Opiniones parecidas se recogen en el sector. Juan Manuel Fernández, mejor empresario joven en el 2017, responsable del centro deportivo Moovett, lleva como autónomo desde el 2010. Adelanta que "la cuota de afiliación mensual es muy alta si quieres tener una cotización digna", pero también que en verano, "una época en la que baja la actividad y la recaudación, tenemos que pagar la misma cuota". En general,  dice, "los impuestos son muy altos". María José Díaz Garrido, de la tienda World Mujer, también coincide en el análisis porque "ser autónomo es muy complicado en todas partes, más en Ourense, que es una ciudad pequeña". Dice que los esfuerzos de adaptación deben ser constantes para resistir. En su caso ha cambiado varias veces de orientación a su negocio para mantener la rentabilidad. Cree que una de las claves para mantener la actividad es buscar la excelencia "en una venta muy especializada, echando más horas que los demás, aunque sea injusto".


Edades


Uno de los perfiles que agravan la situación ourensana es que no hay tramo de edad que eluda tasas negativas. Por ejemplo, entre los 25 y los 35 años —en los que los proyectos o la carrera profesional arranca— la bajada es del 13,6% entre los 25 y los 29 años y del 8,5% entre los 30 y los 35.  Entre los 50 y los 65 años, pese a estar a las puertas de la jubilación es donde se da la bajada menos cruenta, entre el 1% y el 2,2%. 

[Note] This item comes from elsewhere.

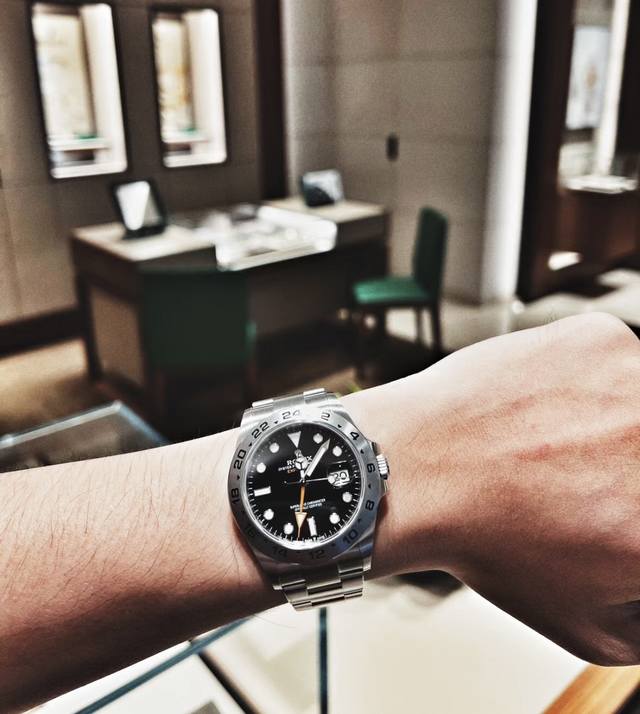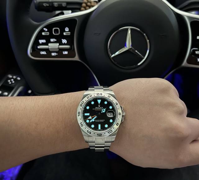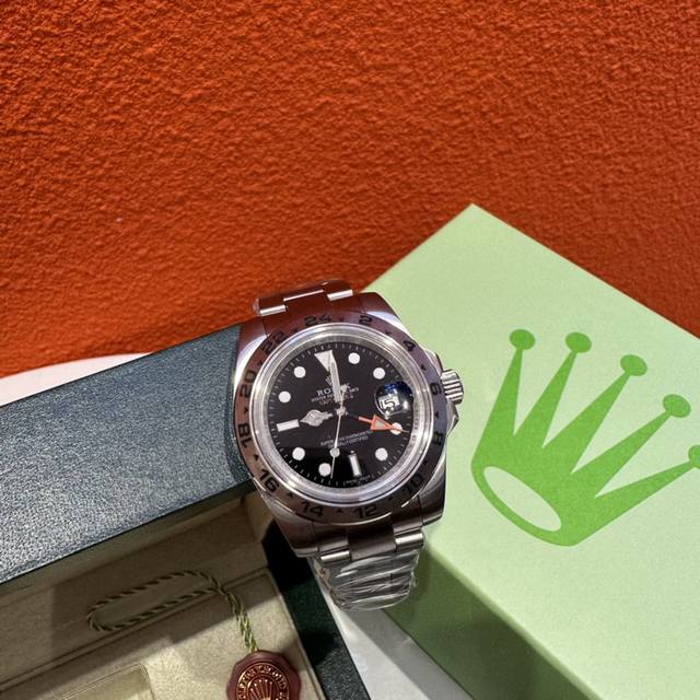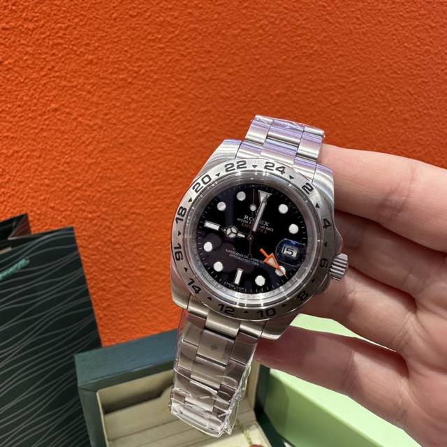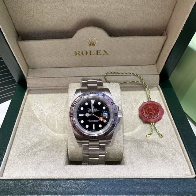 Rolex Explorer II, a luxury couple's watch with a white dial and Oystersteel automatic mechanism, is presented on an Oyster bracelet and features a distinctive white-and-black dial. The arrow-shaped 24-hour hand and hour markers are coated with Chromalight luminescent material for exceptional luminescence. The highly legible dial, durable Oystersteel, and water-resistant construction demonstrate a watch designed specifically for conquering the polar regions. The glass features the Rolex crown seal at 6 o'clock, and the inner bezel is engraved with the Rolex logo. The dial is 42mm, the case is made of sapphire crystal, and the strap is made of 904L stainless steel with an original folding clasp. It comes with a gift box, a handbag, and an invoice. A special screwdriver for removing the strap is available; please note if you require one.

Todos los sectores cierran el ejercicio en números rojos


Los datos de la Seguridad Social no dejan lugar a dudas y describen una realidad con todos los sectores en números rojos. En agricultura el número de efectivos es de 2.996, con un descenso en el último año del 2,88%. En este caso la caída es más suave que la media gallega, que subió hasta el 3,33%, si bien la diferencia es notable ya que tanto la agricultura como la pesca mantienen en toda Galicia 29.255 autónomos. Por lo que respecta a la industria la caída es especialmente llamativa, llegando en abril pasado al 25,28% sobre el ejercicio anterior. Sin embargo, en esta actividad es muy fuerte la presencia de trabajadores por cuenta ajena (15.445) y muy relativa la de empleados autónomos, que se queda en 1.878 personas. En la construcción también hay una cifra importante de autoempleo, con 3.612 activos, pero con una destrucción del 4,17% de las altas. En la actividad de servicios, la Seguridad Social contabilizaba en abril 72.711 afiliaciones, de las cuales eran autónomos 15.349 con un descenso del 1,25%. En cuanto a la distribución por sexos, 14.467 son hombres, con un descenso del 4,76%, mientras que las mujeres suman 9.368, con un descenso en el último año del 3,64%.